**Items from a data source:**
####
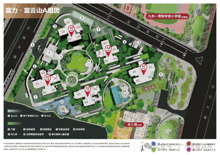 更重要的是,九年一贯制学校在白云区属于“凤毛麟角”般的存在。相比普通学校,九年一贯制学校能保证孩子升学的连贯性,避免了小升初的激烈竞争,让孩子在熟悉的环境中稳步成长。根据广州市政府的规划,白云站-白云新城片区将高标准规划并新增2处九年制学校、1处中学、6处小学、11处幼儿园,进一步完善教育配套布局。而富力富云山自建的7所学校,无疑将成为这一区域教育资源的核心组成部分,为业主子女提供优质的教育保障。
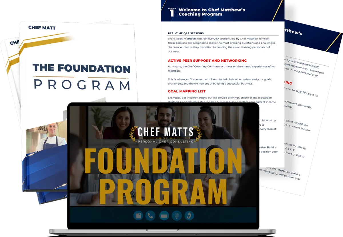 The Foundation Program is designed for chefs who want expert guidance and the right tools to build a sustainable and profitable personal chef business
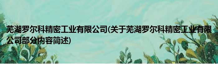 芜湖罗尔科精密工业有限公司(关于芜湖罗尔科精密工业有限公司部分内容简述)
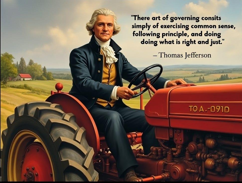 Thomas Jefferson on a tractor
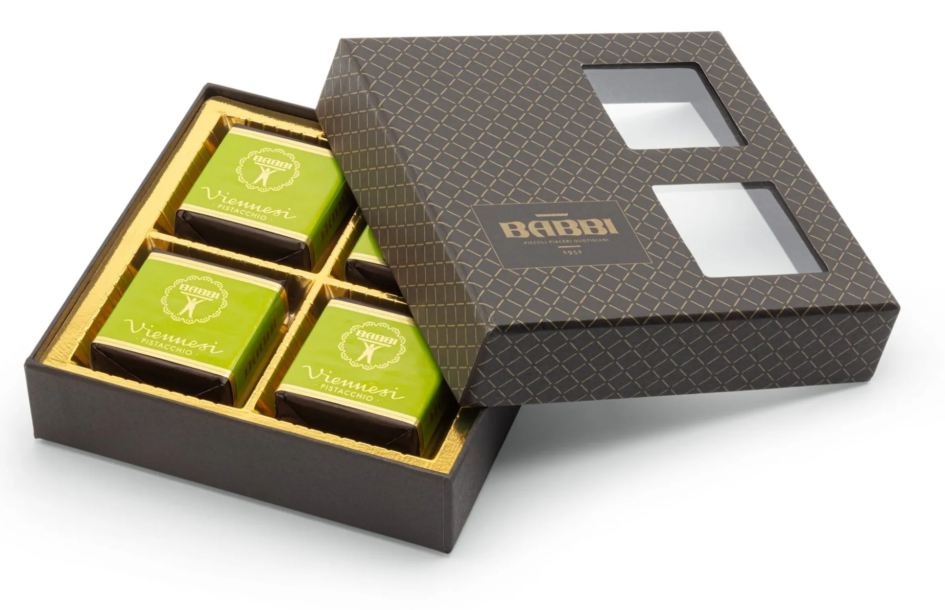 Das Süßwarenunternehmen Babbi wurde 1952 von Attilio Babbi in der Romagna gegründet, einer Region mit reicher gastronomischer Kultur. Vor allem mit Eistüten und Waffeln machte sich Babbi rasch einen Namen. Kein Wunder, setzte man doch von Beginn an konsequent auf hochwertige natürliche Rohstoffe und akkurate handwerkliche Verarbeitung. Bald schon folgten etliche weitere Konditoreispezialitäten – darunter auch die köstlichen, mehrschichtigen Viennesi.
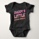 Este casaco de bebê diz "Pai Pequena Princesa Caçadora" em uma fonte rosa e fraca.
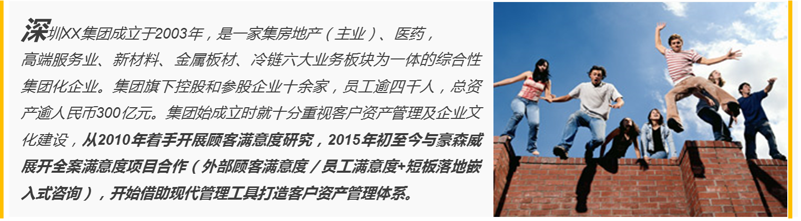 早在2015年初,XX集團(tuán)決策層借腦引智,正式與廣州市豪森威有限公司展開合作,通過(guò)多次深度溝通以及對(duì)前期滿意度調(diào)研工作的梳理,確認(rèn)了滿意度全案工作的開展細(xì)則,建立了由外至內(nèi)的集團(tuán)品牌之客戶資產(chǎn)管理邏輯,針對(duì)不同產(chǎn)業(yè)版塊及職能崗位設(shè)計(jì)了近70份問卷,深訪數(shù)量自下而上覆蓋了所有的管理崗。通過(guò)滿意度的測(cè)量鎖定了一系列的管理短板及優(yōu)先改進(jìn)次序,其中員工滿意度測(cè)量中的“組織氛圍”改造成為重中之重。
####
**WHAT IS EXPECTED:** Please output every record above exactly as written, leaving out the pictures.

**RESPONSE BOX:**
 更重要的是,九年一贯制学校在白云区属于“凤毛麟角”般的存在。相比普通学校,九年一贯制学校能保证孩子升学的连贯性,避免了小升初的激烈竞争,让孩子在熟悉的环境中稳步成长。根据广州市政府的规划,白云站-白云新城片区将高标准规划并新增2处九年制学校、1处中学、6处小学、11处幼儿园,进一步完善教育配套布局。而富力富云山自建的7所学校,无疑将成为这一区域教育资源的核心组成部分,为业主子女提供优质的教育保障。
 The Foundation Program is designed for chefs who want expert guidance and the right tools to build a sustainable and profitable personal chef business
 芜湖罗尔科精密工业有限公司(关于芜湖罗尔科精密工业有限公司部分内容简述)
 Thomas Jefferson on a tractor
 Das Süßwarenunternehmen Babbi wurde 1952 von Attilio Babbi in der Romagna gegründet, einer Region mit reicher gastronomischer Kultur. Vor allem mit Eistüten und Waffeln machte sich Babbi rasch einen Namen. Kein Wunder, setzte man doch von Beginn an konsequent auf hochwertige natürliche Rohstoffe und akkurate handwerkliche Verarbeitung. Bald schon folgten etliche weitere Konditoreispezialitäten – darunter auch die köstlichen, mehrschichtigen Viennesi.
 Este casaco de bebê diz "Pai Pequena Princesa Caçadora" em uma fonte rosa e fraca.
 早在2015年初,XX集團(tuán)決策層借腦引智,正式與廣州市豪森威有限公司展開合作,通過(guò)多次深度溝通以及對(duì)前期滿意度調(diào)研工作的梳理,確認(rèn)了滿意度全案工作的開展細(xì)則,建立了由外至內(nèi)的集團(tuán)品牌之客戶資產(chǎn)管理邏輯,針對(duì)不同產(chǎn)業(yè)版塊及職能崗位設(shè)計(jì)了近70份問卷,深訪數(shù)量自下而上覆蓋了所有的管理崗。通過(guò)滿意度的測(cè)量鎖定了一系列的管理短板及優(yōu)先改進(jìn)次序,其中員工滿意度測(cè)量中的“組織氛圍”改造成為重中之重。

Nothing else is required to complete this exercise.